Seqanswers Leaderboard Ad

Collapse

Announcement

Collapse
No announcement yet.
X
 
  • Filter
  • Time
  • Show
Clear All
new posts

  • DESeq2 dynamics in a timecourse experiment

    dear all,

    we are trying to analyse a time-course data set of several time-point with replica. we're looking for genes which are changing across all TP as well as genes with a difference on a pair-wise comparison between two time points.

    My questions regards the sensitivity of the dynamics in the analysis of DSeq2.
    Identifying significant changes when considering multiple time-points isn't as simple as a consistent change over all time-points continuously, because a gene can be high at 1 or 2 time-points and off at the rest, and that is a significant biological difference.

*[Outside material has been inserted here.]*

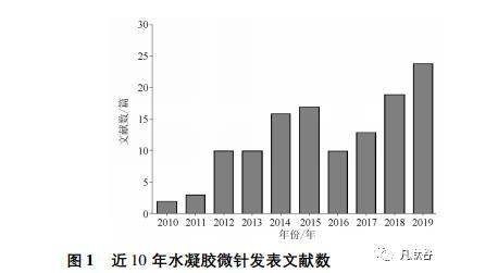 與傳統的遞藥途徑(如口服,注射)相比,透皮給藥主要在皮膚上放置微針貼片,穿刺皮膚角質層,通過皮膚組織將藥物輸送到血液中,因具有自我給藥、按需給藥、患者順應性好、避免肝臟的首過效應和胃腸道的藥物降解等優點而備受關注[4]。滲透增強技術的迅速發展克服了角質層的屏障障礙,拓寬了透皮給藥在藥物化療、基因治療、疫苗傳遞等領域的應用[5]。微針(microneedles)由單個或多個微米級別的針頭組成,直徑一般為幾百微米,高度可達毫米級別,可分為固體微針(solid microneedles)、中空微針(hollow microneedles)、涂層微針(coated microneedles)、溶解微針(dissolvable microneedles)和水凝膠微針(hydrogel microneedles),在美容、治療及診斷等領域有著廣闊的應用前景。水凝膠微針分為天然水凝膠微針與合成水凝膠微針,分別由天然高分子(如透明質酸、明膠、瓊脂等)和合成高分子(如聚乙烯醇、聚丙烯酸鈉、甲基丙烯酸類聚合物等)所制備[6],其中一些聚合物由于具有良好的生物相容性、可降解性和無毒性而受到越來越多的關注[7],使得水凝膠微針成為了微針領域的研究熱點之一。筆者從水凝膠微針的形成機制、應用研究以及存在的一些問題總結了近年國內外的相關代表文獻,并對這一領域的未來發展進行展望。在Web of Science以“hydrogel microneedle”為關鍵詞檢索近10年水凝膠微針發表的文獻情況,見圖1。
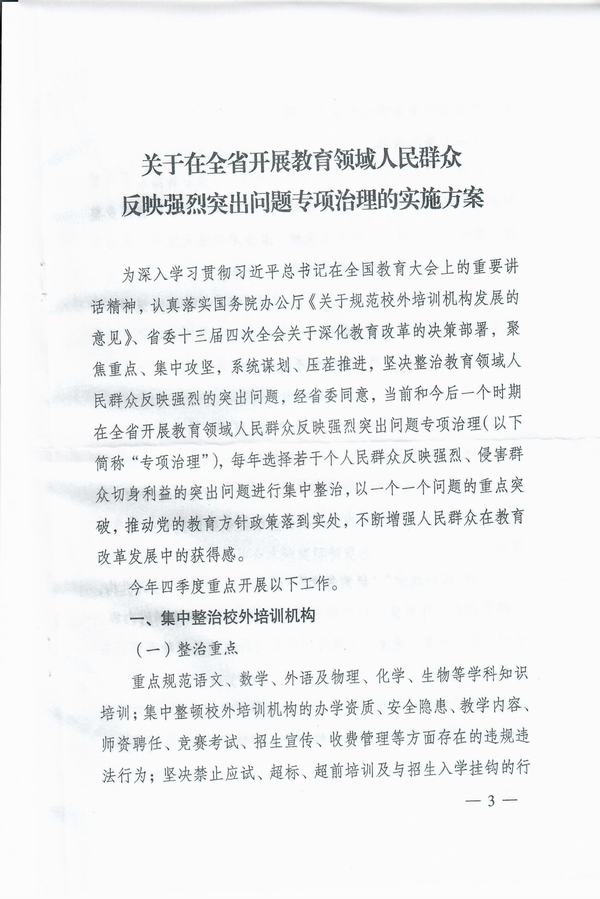 关于在全省开展教育领域人民群众反映强烈突出问题专项治理的实施方案

    my question is therefore does DESeq2 timecourse model design is able to identify genes which are going up and down over multiple time-points in my time course experiments

    for example, if I have a gene which goes high up after 1h, than normalized and than again go down after 24h, will deseq2 be able to identify this genes as a significantly deregulated genes over all time-points?
    Do I need to check for all coefficients to get a complete overview of the genes changed over time?

    thanks

    Assa

  • #2
    For the question of, "What genes change over time?", what you want to do is an LRT test where the reduced model lacks the time component. This will give you everything that changes, regardless of whether it's a consistent change or only up/down at one time point.

    Other than that, I think people are typically encouraged to spend some time with the PCA plots. You can often make some guess as to useful pairwise comparisons from them.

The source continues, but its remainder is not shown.